"Ричард Длинные Руки – паладин Господа" - читать интересную книгу автора (Орловский Гай Юлий)

Глава 33

Я очнулся, вздрагивая, как будто меня трясла гигантская рука. Тело дрожало, зубы стучали, я обхватывал себя руками, но мои пальцы были такие же ледяные, как и все тело. Мешок с моими мечами рядом, но когда попытался подтащить поближе, решил даже, что он примерз. Когда же я попытался встать, понял, что мешок с мечами не примерз, это я ослабел настолько, что уже не в силах сдвинуть его с места.

Застонал, пальцы вцепились в камни, кое-как воздел себя на ноги.
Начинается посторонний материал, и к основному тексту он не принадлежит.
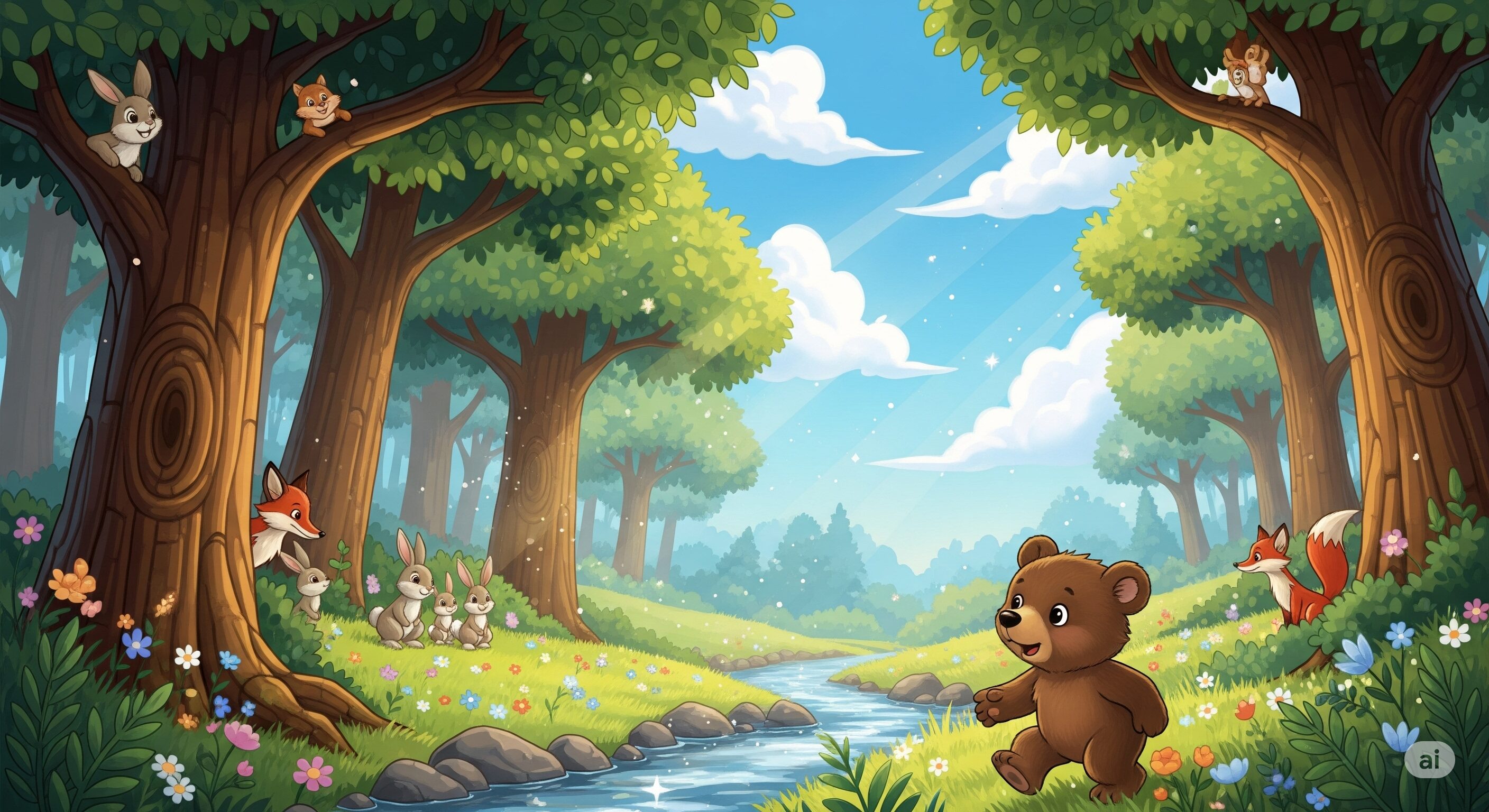 つぎに、リスさんのところへ。「リスさん、リスさん、キラキラのおほしさま、しらない?」 リスさんは、くるみをもぐもぐしながら、「うーん、ぼくも知らないよ。でも、もりのなかには、ふしぎなものがたくさんあるから、もっと奥に行ってみたら?」

Стены шатаются, сдвигаются, грозя раздавить меня в лепешку. Я заставил себя двигаться к светлому пролому, где солнце, свет, тепло. Стены пытались помешать, ускользали из-под пальцев, но с каждым шагом выход из пещеры расширялся, расширялся…

По глазам больно ударил свет. Я шагнул наружу, вскрикнул. Холодный ветер пронизал, как острыми длинными иглами. В лицо плеснуло горстью колючего злого снега. Перед глазами плыло, я старался держать голову ровно, хотя, конечно, лучше бы лечь, тогда кровь пойдет в мозг. Но лечь — это… для кого-то лечь — расслабиться, для меня лечь — услышать отсчет рефери над головой: «… восемь… девять…».
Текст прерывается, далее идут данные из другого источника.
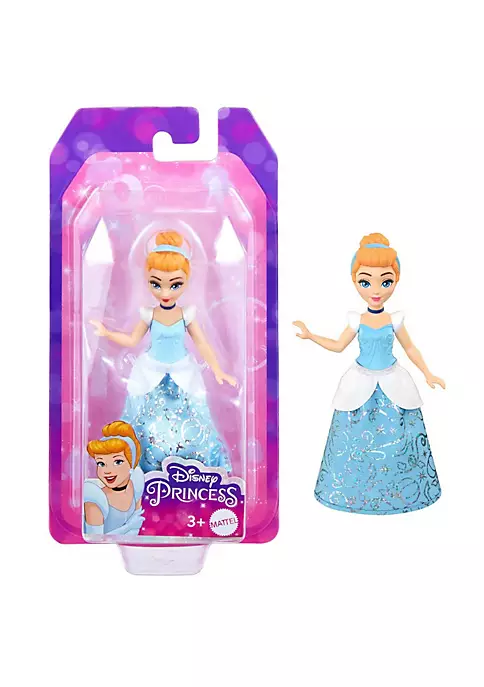 Meet this Cinderella doll, inspired by the courageous and kind princess from the popular Disney movie, in a charming scale with movable joints! This posable small doll sparkles in her signature fashion, featuring a removable soft skirt with peplum and metallic details. Doll is approximately 3 1/2-inches tall. Ages 3 and up.
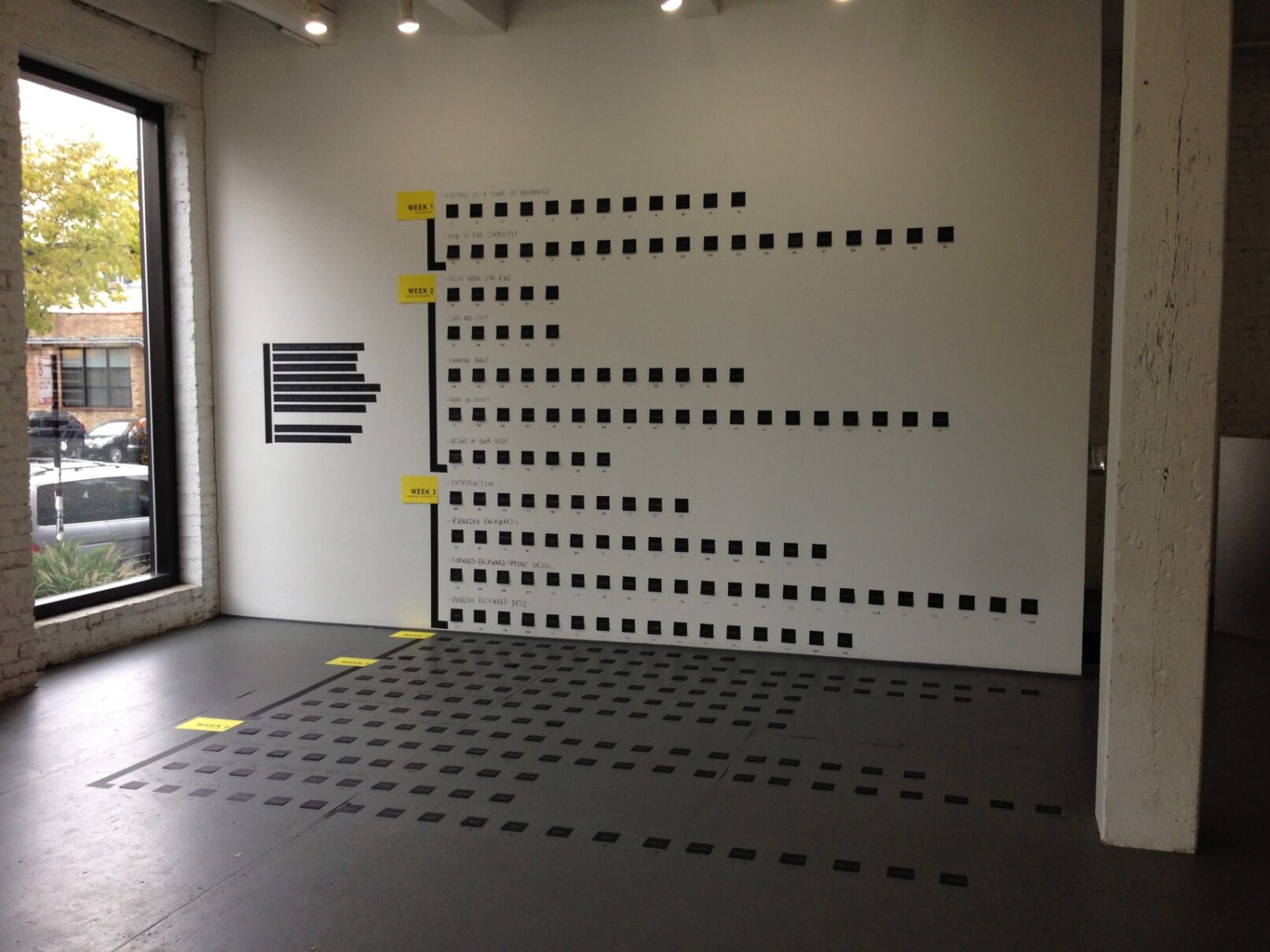 Running Begins Elsewhere was exhibited as part of “Twelve Variations,” a group exhibition at the Chicago Artists Coalition gallery in Chicago, Illinois and treated as a residency project off-site to develop the gallery material. Victoria Bradford developed over 400 stickie notes as an installation, composed of movement vocabulary and arranged in a grid outlining a training program for running. This work of choreographic notation resulted from a month-long practice attempting to execute the drills on “Proper Running Technique” contained in a 1965 Championship Football Manual.

Издали послышался окрик. Зрение немного очистилось, как из тумана вынырнули гигантские фигуры. Мне почудилось, что приближаются люди-горы. Их разукрашенные лица расплывались, колыхались, словно отражения на воде. В голове звон, я старался не упасть, рука пошарила на поясе, пальцы нащупали молот, но рукоять выскальзывала. Я с ужасом ощутил, что не в состоянии даже снять его с петли.
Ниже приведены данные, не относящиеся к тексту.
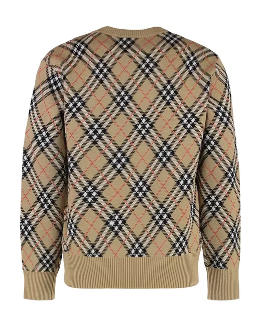 beige check pattern crew neck long sleeves ribbed hem wool blend
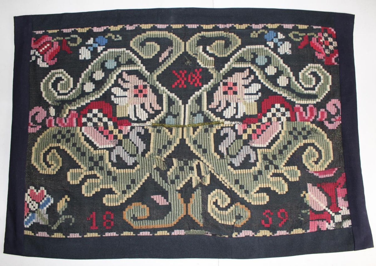 Hlutar af söðuláklæði Maddömu Þuríðar Kjartansdóttur frá Skógum undir Eyjafjöllum, með fangamarki hennar , ÞK., og ártali 1859. Miðhluti áklæðisins hefur verið orðið mjög slitinn og brugðið á það ráð að eyða honum og setja endana saman. Þuríður hefur ofið áklæðið í föðurgarði en ári síðar (1860) giftist hún séra Jóni Jónssyni á Mosfelli í Grímsnesi. Glitvefnaðurinn er í hefðbundnum stíl og vel gerður, band greinilega til mestra muna jurtalitað. Jóhanna dóttir Þuríðar eignaðist áklæðið. Frá henni gekk það til dóttur hennar, Þurðiðar Stefánsdóttur, móður gefanda. Fyrir Skógasafn er þetta mikilsverð gjöf.
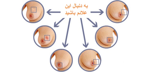 ۴ تغییرات نوک پستان از علائم سرطان سینه : در بعضی افراد فرورفتگی نوک پستان ممکن است بعد از شیردهی یا پس از دوران بلوغ ایجاد شود که معمولاً به طور خود به خودی و یا با دستکاری خود فرد به حالت اول برمی گردد. در حالیکه در سرطان، این فرورفتگی حالت ثابت دارد و با معاینه دقیق پستان ممکن است وجود غده ای در زیر نوک و هاله پستان مشخص شود. قرمزی و خارش نوک پستان همراه با پوسته پوسته شدن و ترک خوردن آن، می تواند علامت نوعی از سرطان پستان به نام پاژه باشد مگر اینکه خلاف آن ثابت شود.
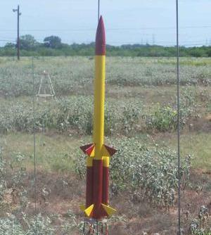 I wrote t' review for this rocket and I would like t' offer this as an addendum. Ya scallywag! Blimey! Well I finally got t' try t' rebuilt HH4. I decided t' try just t' sustainer first and loaded up a C6-5. It took off great, ejected at apogee and came down under its streamer. Begad! It be time t' try t' BIG TIME. Avast! Blimey! With that done, it was time t' try t' full stack. T' sustainer had only a B6-4 but t' booster had 2 B6-0s and a D12-0. Blimey! Avast! It weathercocked a bit on take off but staged correctly and everythin' worked, includin' me. Arrr! It was a long walk and insecure people who electrify their barbed wire fences should be shot on sight as a public service. I'm happy with this one. Begad! (PHOTO CREDIT: RIGHT and BOTTOM Dave Hein)

Они подошли вплотную, это оказались обычные зарги, жуткие отвратительные хари, все ниже меня ростом, но их с десяток, а за ними еще и еще…

Один со смехом ударил меня в лицо. Я захлебнулся кровью, упал на колени. Раны на боку разошлись, кровь потекла теплая, в голове появилась пугающая легкость. Они смеялись громче, я почти потерял чувствительность, только чувствовал, как меня со всех сторон пинают ногами, а я корчусь на снегу… Из легких, словно из продырявленных мехов, воздух выходил со свистом, обжигал горло.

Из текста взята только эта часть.